I, too, was going to post a review that read 'Flag on the moon, how'd it get there?' But when I think about it, that would imply that this movie was fun, and without the MST3K, I'm quite sure it isn't. The pseudo-beat-poetry in the beginning might make you think something interesting is going to happen, and there are moments not long afterward where the director made some smart choices--but the rest is a series of disappointments, somnolent pacing, and unfunny failure.
Despite the low rating I bestowed this film, I actually love it. It's hard to tell whether Coleman Francis seriously thought this was a coherent film or if he was actually an avant-garde filmmaker in disguise.
A pretentious mess of a voice-over and sparse dialogue make for a viewing experience that is surreal and unique but still boring as fuck.

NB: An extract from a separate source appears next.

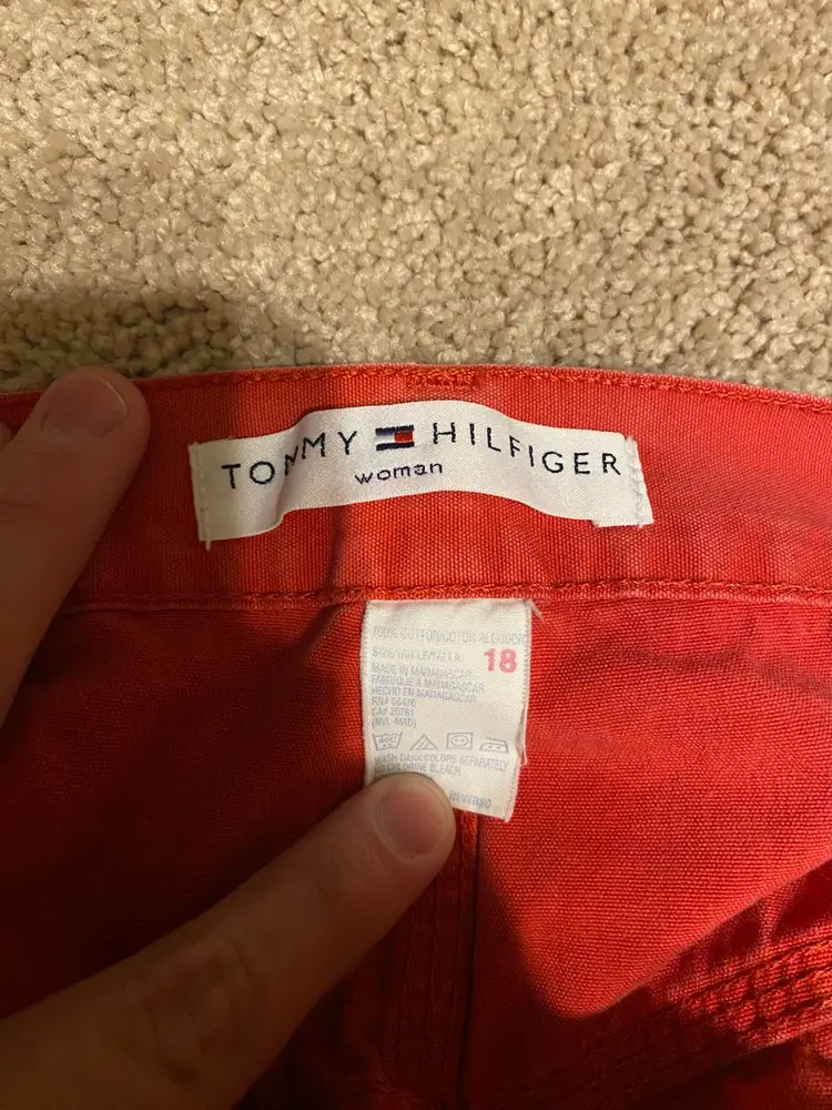 You are purchasing one pair of Women's Size 18 Coral Colored Capri Pants by Tommy Hilfiger from 2002. These Pants are in great condition with no rips, stains or holes.

I'm sorry, but there's no excuse, even at this, the lowest tier of filmmaking, for a film under an hour long to be so slow. And we never do find out how that flag on the moon got there.
I recently ran a triple feature of Coleman Francis films, which I dubbed "The Hell Trilogy" (it is of no consequence that no one accepted my invitation). A mercifully short low budget snoozer, where it becomes painfully obvious that Tor Johnson's girth made it difficult for him to walk. Almost no dialogue is spoken directly on camera, with an omnipresent narrator spewing some of the most dismal lines ever written into a script. There are bad movies, and then there is The Beast of Yucca Flats.

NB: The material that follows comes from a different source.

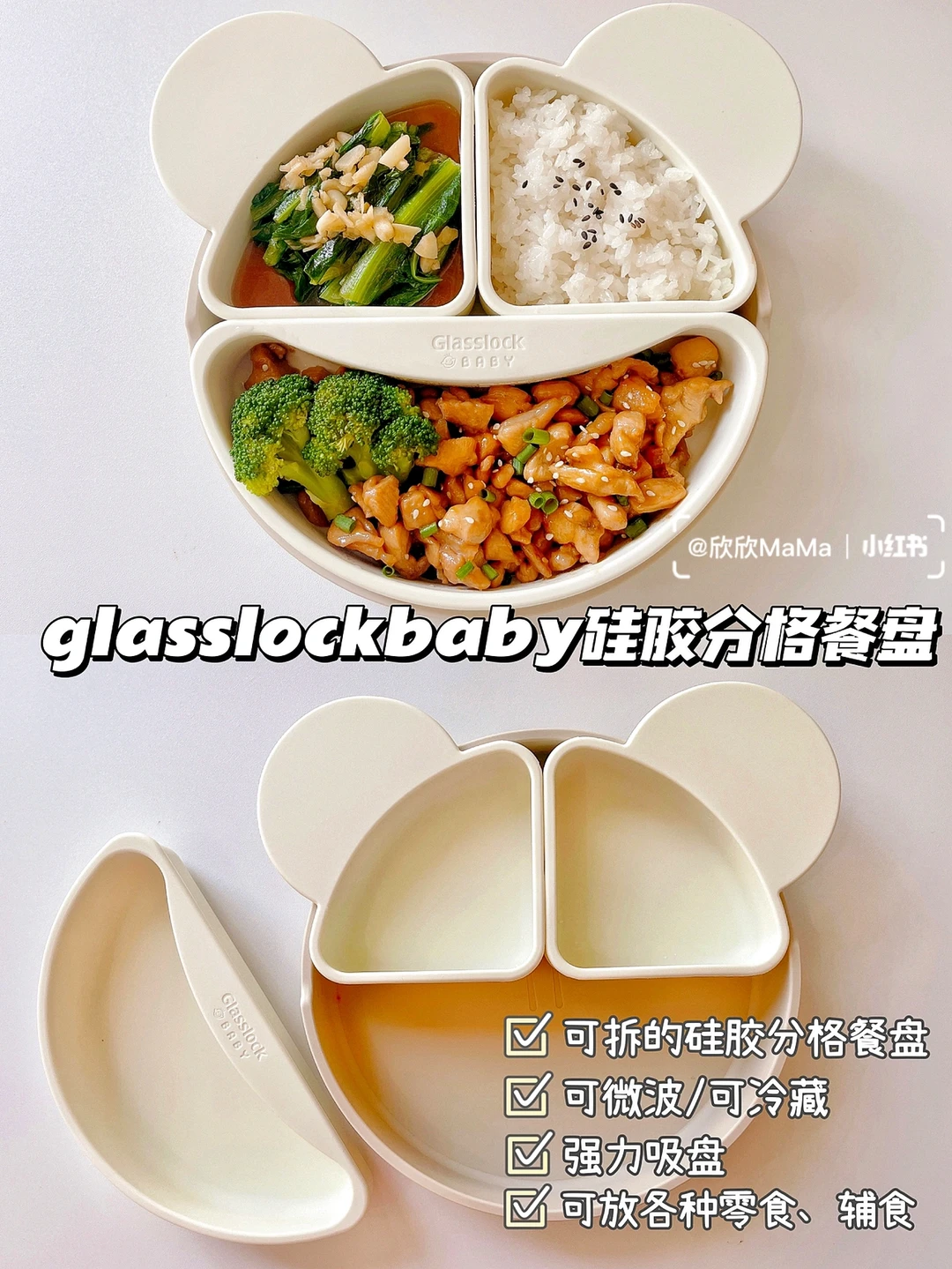 我用的餐盘是glasslockbaby家的硅胶分格餐盘,买它的原因是因为颜值真的太高了,其次是餐盘的材质,它是硅胶型的,带有强力的吸盘,宝宝用再合适不过,它的餐盘是可拆式的,平时既能装辅食也可以装各种水果零食!可微波/可冷藏!真的大爱!

Unlike fellow auteur Hal Warren who chose to portray the protagonist of his movie with a sympathy that elicits from the audience an affection for a man lead down the wrong path yet with a heart of gold, Francis, with the character of Javorsky, chooses instead to focus on a man, clearly disillusioned with the world around him, and his connection with the natural world over the "progress" created by his fellow man's inhumanity. Whilst they both have valid points, I feel they both fail somewhat.
Coleman Francis sparsely narrates a bunch of footage of people driving, parking, walking around, you get the idea. So little happens that it's surreal; it follows an obscure and indecipherable logic, like dream logic, which makes the entire thing feel unreal. And like dreams it too stretches out a short amount of time, and is only meaningful to the person who dreamed it. Who knows what Francis was thinking, and why he decided to share it with us.
The defiance of basic convention in terms of editing, sound mixing, narration, plot, pacing, logic, and dialog is so blatant that I initially considered whether it was artistically intentional. But I soon realized that Coleman Francis was just indescribably, utterly cheap and incompetent.
One of no-budget auteur Francis's few excursions into sci-fi/horror, this brain cell-crushing motion picture (and I use the term loosely) makes Ed Wood's movies look like the work of Welles or Fellini -- or both.